Work item
Using the records below, transcribe word for word the stretch from the line that contains "Kit Papelaria 15" through the line that contains "uSkins™ are self", both end lines included, and nothing else.

Source material
Content starts

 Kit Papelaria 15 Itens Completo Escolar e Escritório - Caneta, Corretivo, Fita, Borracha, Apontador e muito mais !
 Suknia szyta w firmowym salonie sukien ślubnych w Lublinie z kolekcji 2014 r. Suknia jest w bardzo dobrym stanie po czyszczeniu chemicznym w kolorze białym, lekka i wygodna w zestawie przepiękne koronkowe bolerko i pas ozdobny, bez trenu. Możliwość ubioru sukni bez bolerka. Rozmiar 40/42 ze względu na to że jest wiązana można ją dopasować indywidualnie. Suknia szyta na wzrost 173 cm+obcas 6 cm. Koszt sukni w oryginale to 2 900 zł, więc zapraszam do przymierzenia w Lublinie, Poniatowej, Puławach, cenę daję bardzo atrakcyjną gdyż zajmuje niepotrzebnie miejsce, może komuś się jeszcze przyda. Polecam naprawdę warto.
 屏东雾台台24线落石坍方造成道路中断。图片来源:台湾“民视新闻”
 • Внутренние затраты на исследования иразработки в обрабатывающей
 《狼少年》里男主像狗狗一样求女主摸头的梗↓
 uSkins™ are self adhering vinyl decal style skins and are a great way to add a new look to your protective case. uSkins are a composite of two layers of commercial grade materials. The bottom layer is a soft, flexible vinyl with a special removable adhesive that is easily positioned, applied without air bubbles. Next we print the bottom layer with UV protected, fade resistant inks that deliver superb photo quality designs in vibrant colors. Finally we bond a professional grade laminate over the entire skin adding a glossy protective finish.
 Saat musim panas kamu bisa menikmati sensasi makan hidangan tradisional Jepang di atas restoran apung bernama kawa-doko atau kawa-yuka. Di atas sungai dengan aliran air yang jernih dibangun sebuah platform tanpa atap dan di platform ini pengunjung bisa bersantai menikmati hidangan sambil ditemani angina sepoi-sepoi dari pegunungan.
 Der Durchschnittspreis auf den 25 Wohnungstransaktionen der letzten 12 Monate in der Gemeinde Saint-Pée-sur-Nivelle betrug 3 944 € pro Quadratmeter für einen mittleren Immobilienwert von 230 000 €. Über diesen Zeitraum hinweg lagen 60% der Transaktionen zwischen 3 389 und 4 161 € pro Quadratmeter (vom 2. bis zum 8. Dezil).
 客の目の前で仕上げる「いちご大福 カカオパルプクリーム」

Content ends
Content starts

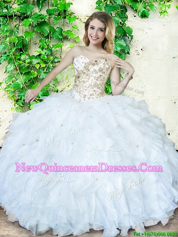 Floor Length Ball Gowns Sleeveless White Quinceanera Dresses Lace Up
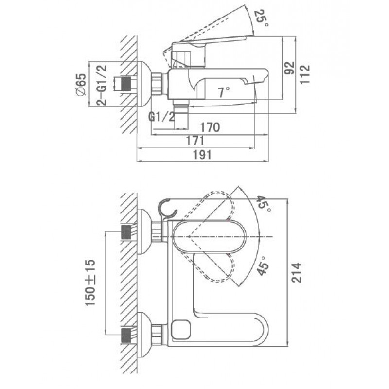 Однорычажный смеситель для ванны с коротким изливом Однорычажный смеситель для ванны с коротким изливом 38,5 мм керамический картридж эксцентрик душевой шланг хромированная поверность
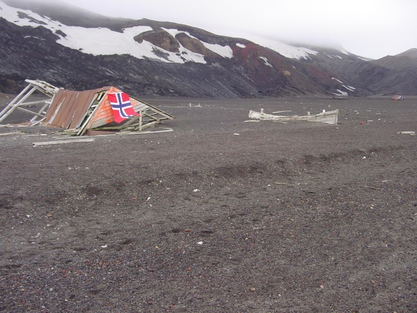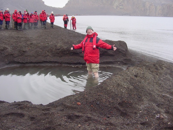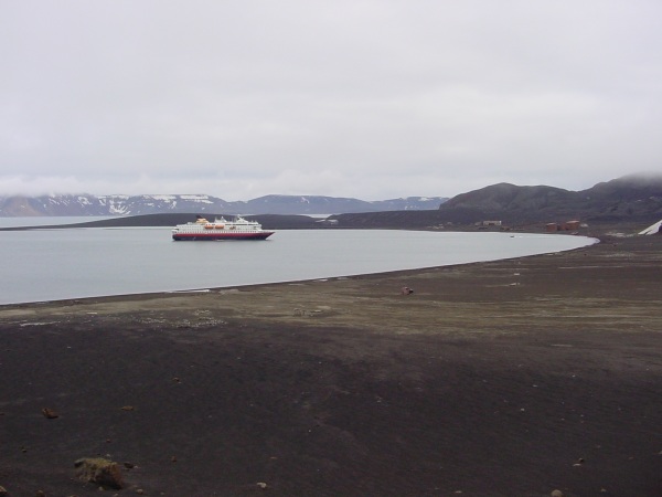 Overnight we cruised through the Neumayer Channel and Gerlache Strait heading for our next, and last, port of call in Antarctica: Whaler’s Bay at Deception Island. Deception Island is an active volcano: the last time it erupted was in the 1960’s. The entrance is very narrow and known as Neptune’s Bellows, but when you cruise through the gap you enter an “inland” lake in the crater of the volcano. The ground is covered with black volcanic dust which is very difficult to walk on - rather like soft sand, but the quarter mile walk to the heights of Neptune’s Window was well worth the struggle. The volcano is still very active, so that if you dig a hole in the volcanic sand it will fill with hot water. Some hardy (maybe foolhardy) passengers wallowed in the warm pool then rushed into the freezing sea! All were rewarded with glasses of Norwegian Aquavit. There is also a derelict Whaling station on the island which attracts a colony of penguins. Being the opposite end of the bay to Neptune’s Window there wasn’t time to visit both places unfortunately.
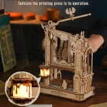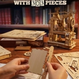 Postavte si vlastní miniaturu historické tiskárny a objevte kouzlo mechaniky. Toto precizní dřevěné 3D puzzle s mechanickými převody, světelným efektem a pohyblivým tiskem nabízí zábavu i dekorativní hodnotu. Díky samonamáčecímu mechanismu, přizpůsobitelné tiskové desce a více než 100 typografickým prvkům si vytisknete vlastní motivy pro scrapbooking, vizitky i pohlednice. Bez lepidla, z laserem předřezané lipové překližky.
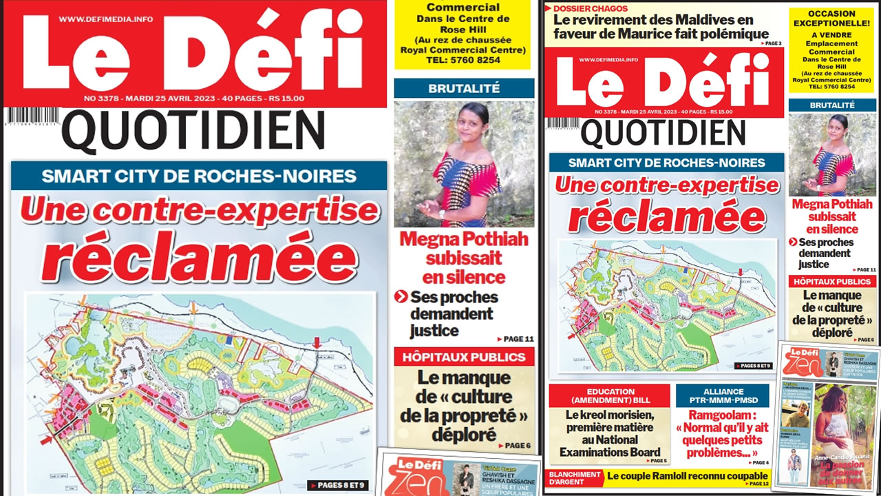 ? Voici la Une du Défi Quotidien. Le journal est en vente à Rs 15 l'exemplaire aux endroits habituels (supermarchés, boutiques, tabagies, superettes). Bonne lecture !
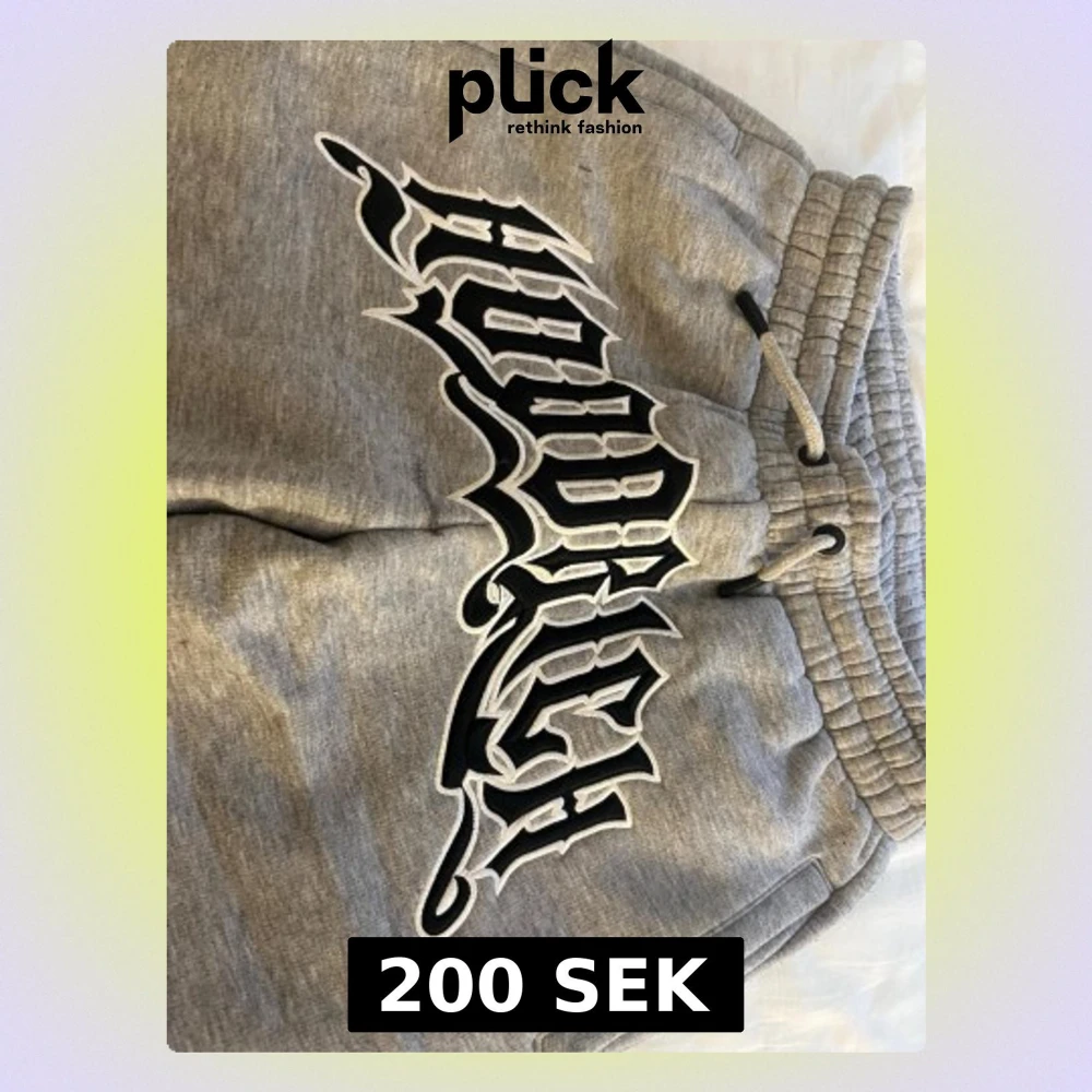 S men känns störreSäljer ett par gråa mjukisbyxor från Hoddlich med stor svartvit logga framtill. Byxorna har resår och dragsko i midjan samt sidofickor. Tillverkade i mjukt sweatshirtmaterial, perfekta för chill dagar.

Content ends

Exercise result
 Kit Papelaria 15 Itens Completo Escolar e Escritório - Caneta, Corretivo, Fita, Borracha, Apontador e muito mais !
 Suknia szyta w firmowym salonie sukien ślubnych w Lublinie z kolekcji 2014 r. Suknia jest w bardzo dobrym stanie po czyszczeniu chemicznym w kolorze białym, lekka i wygodna w zestawie przepiękne koronkowe bolerko i pas ozdobny, bez trenu. Możliwość ubioru sukni bez bolerka. Rozmiar 40/42 ze względu na to że jest wiązana można ją dopasować indywidualnie. Suknia szyta na wzrost 173 cm+obcas 6 cm. Koszt sukni w oryginale to 2 900 zł, więc zapraszam do przymierzenia w Lublinie, Poniatowej, Puławach, cenę daję bardzo atrakcyjną gdyż zajmuje niepotrzebnie miejsce, może komuś się jeszcze przyda. Polecam naprawdę warto.
 屏东雾台台24线落石坍方造成道路中断。图片来源:台湾“民视新闻”
 • Внутренние затраты на исследования иразработки в обрабатывающей
 《狼少年》里男主像狗狗一样求女主摸头的梗↓
 uSkins™ are self adhering vinyl decal style skins and are a great way to add a new look to your protective case. uSkins are a composite of two layers of commercial grade materials. The bottom layer is a soft, flexible vinyl with a special removable adhesive that is easily positioned, applied without air bubbles. Next we print the bottom layer with UV protected, fade resistant inks that deliver superb photo quality designs in vibrant colors. Finally we bond a professional grade laminate over the entire skin adding a glossy protective finish.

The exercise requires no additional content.